Russia recruits serial murderers to fight with Wagner in Ukraine
Since 2022, Yevgeny Prigozhin has been recruiting incarcerated persons in Russia to assist the Wagner Group on the frontline and in Ukraine.
A video of Yevgeny Prigozhin, a Russian Oligarch, at a Russian jail, shows him telling rows of prisoners lined up that he needs convicts who have been murdered more than once to assist Wagner on the frontline in Ukraine.
In the video, Prigozhin is also heard telling the inmates that he also requires offenders who have beaten up state officials or members of the police force.
"We need your criminal talents," Yevgeny Prigozhin said in the video while warning the men that 15 to 10 per cent of them would return to Russia "in zinc coffins".
Evidence also suggests that Russia is sending female convicts to work in occupied regions of eastern Ukraine, according to Russian rights activist Olga Romanova.
Wagner claimed that it stopped recruiting inmates in February 2023, but the Russian Defence Ministry has reportedly begun its own recruiting campaign in Russian prisons.
Russian prisoners are being promised a full pardon if they agree to serve in the Russian military for a minimum of 6 months.
There have also been economic promises made to the inmates. After warning the male convicts about death in Ukraine, Prigozhin promised that the survivors would go home with a bonus of 100,000 roubles – the equivalent of £800.
Two months prior to his latest recruit of incarcerated persons, President Vladimir Putin confirmed for the first time that he had been signing presidential pardons for prisoners who had returned from the Russia-Ukraine war.
Yevgeny Prigozhin, who claims to have founded the Wagner Group to support Russian forces, has recruited 49,000 long-serving inmates to fight – out of which, only 32,000 returned.
However, according to independent researchers, the actual number of survivors is much lower – at around 20,000.
Vladislav Kanius was sentenced to 17 years in a penal colony, a distant institution that has been established for punishing the most severe crimes with forced labour and isolation from society, for brutally murdering his student girlfriend.
Vladislav Kanius stabbed Vera Pekhteleva more than 100 times and then strangled the 25-year-old with an electric cable. The attack was so vile, that it made several headlines across Russia.
Although the 25-year-old was sentenced to 17 years, Vera Pekhteleva's mother found that he was pictured wearing a military uniform and holding a gun less than a year later.
While trying to find out information on the whereabouts of her daughter's attacker, the court told Mrs Pekhteleva that Kanius' location was a state secret.
Speaking to reporters, Mrs Oksana Pekhteleva said: "This is blasphemy. It's like all of us have been assaulted. This is a signal to all scum out there: 'Do whatever you want, you won't be punished.'"
The Russian government has not commented on the reports.
In March 2023, Ukraine's General Staff said in its daily update that a train packed with prison inmates had been spotted in the Donetsk region.
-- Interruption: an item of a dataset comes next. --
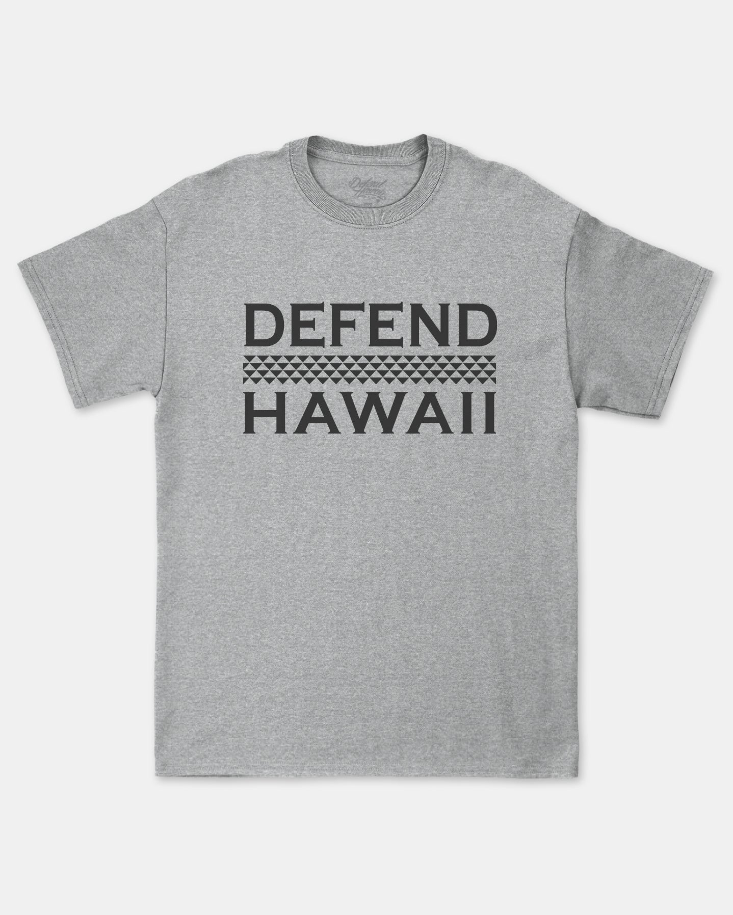 Defend Hawai'i - The classic look is back centered with a triangle block. This is, DH Trilocks. Featuring a center chest hit and a flag shield upper back hit. Pick your favorite colorway, this one comes in green on black OR black on athletic heather or military green casual fit t-shirt. Your everyday tee to DEFEND with.

The update also noted that one of the train carriages was designated for women.
Olga Romanova, a Russian rights activist, told reporters that she heard about the plan to recruit female inmates in 2022. She also noted that around 100 women, who had previously been incarcerated, were sent to Ukraine in March 2023.
Romanova also shared that the Russian Defence Ministry is recruiting incarcerated individuals from the central city of Volgograd and Kemerovo regions in the south.
In January 2023, the FSIN (the Russian Federal Penitentiary Service) had a total prisoner population of 433,006. According to the FSIN, only 8.9 per cent of the incarcerated persons in Russia, are female.
Russia has been ranked fifth in the world, for holding the most people in prison – says World Population Review.